He saw that he had been right in thinking her note an apology, and an attempt to recall him. And when the Hopkinses left them alone in the parlour after dinner he soon said: “I’ve come for an answer to that question I asked you—down by the monument.”
She hung her head and flushed deeply. “Oh, I wish to get away from all this,” she said in a low voice. “I’ll be glad to go far away—far as—as you care to take me.”
He sat beside her and took her hand. But he made no effort to show “temperament.” “I’ll go back to Washington and see your father to-morrow—if you wish,” he said, after a silence.
“Yes,” she replied.
She wrote a long letter to her father as soon as Frothingham was gone—her maid posted it at midnight. So it came to pass that Senator Pope was expecting him. He received him with the benign courtesy he gave to the humblest negro. He liked Frothingham—but, for that matter, it was impossible for him to dislike any member of the human race, even Rontivogli, or any well-disposed domestic animal; ever since he had “gathered his bunch,” his content and complacence had, with a few brief pauses, been bubbling over in words and acts of kindness. But when Frothingham said, “I’ve come to see you, sir, about something of which I and your daughter have been talking,” his face clouded with a look of apologetic distress—almost the same look as that with which he had received Rontivogli for the final interview.

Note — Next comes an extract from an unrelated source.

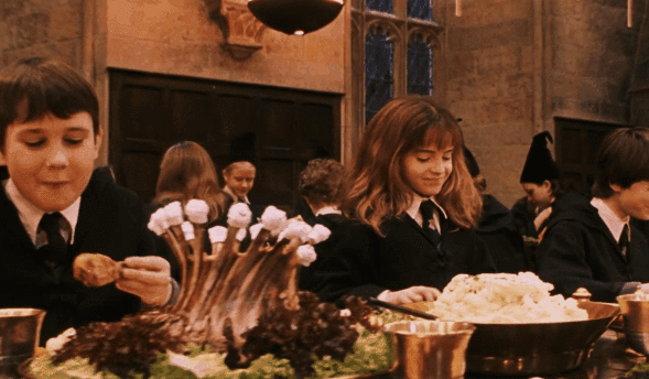 自動續盤都只是小case,霍格沃茨在三強爭霸賽舞會之前的晚宴上還有更厲害的點菜方式:金光閃亮的盤子裏還沒有食物,但每個人面前都擺着一份小菜單,沒有侍者只要對着盤子,清晰地説出你想要點的菜,盤子裏就會出現夢想中的食物。

Frothingham would not have attributed it to embarrassment had he known Senator Pope better. It was the look he wore whenever the exigencies of fate forced him to do anything unpleasant—whether to refuse a small favour, or to cut a rival’s throat, or to scuttle a financial or political ship. For, being a good man, and a lover of smoothness, it pained him exceedingly to cause his fellow-beings any other emotion than happiness. In the present instance the cause of his distress was the discovery that an alliance with nobility would destroy his chances for the Vice-Presidential nomination which he was plotting to get. He had not confided his ambition to his closest political lieutenant. But when Rontivogli was exposed and cast out, his colleague and boss had said to him: “I’m glad to hear you’re not going to take a foreign nobleman into your family, Senator. Until the engagement was announced we were hoping you could be induced to make the race for the Vice-Presidency. While an Italian wouldn’t have been as bad as an Englishman on account of the Irish vote, I don’t think the party would have stood for even an Italian. The people don’t like that sort of thing.”
That settled Senator Pope’s aristocratic ambitions.
“I’ve come, sir,” Frothingham was saying, “to ask your consent to marrying your daughter.”
Senator Pope’s eyes swam, so strong was his emotion. “I am highly honoured, Lord Frothingham. But I cannot give you an answer in so important a matter at once. I must consult with her mother.” Mrs. Pope was a shadowy nonentity, flitting nervously in the wake of father and daughter.
He detained Frothingham for a long talk on England and America, and sent him away in an almost jubilant mood—no applicant ever left him downcast. The next day Frothingham got a telegram from Elsie asking him to come to her as soon as he could. He assumed that her father had decided to convey his consent through her, and his spirits rose higher. But the first glimpse of her disturbed him—hers was not the face of a bearer of good news.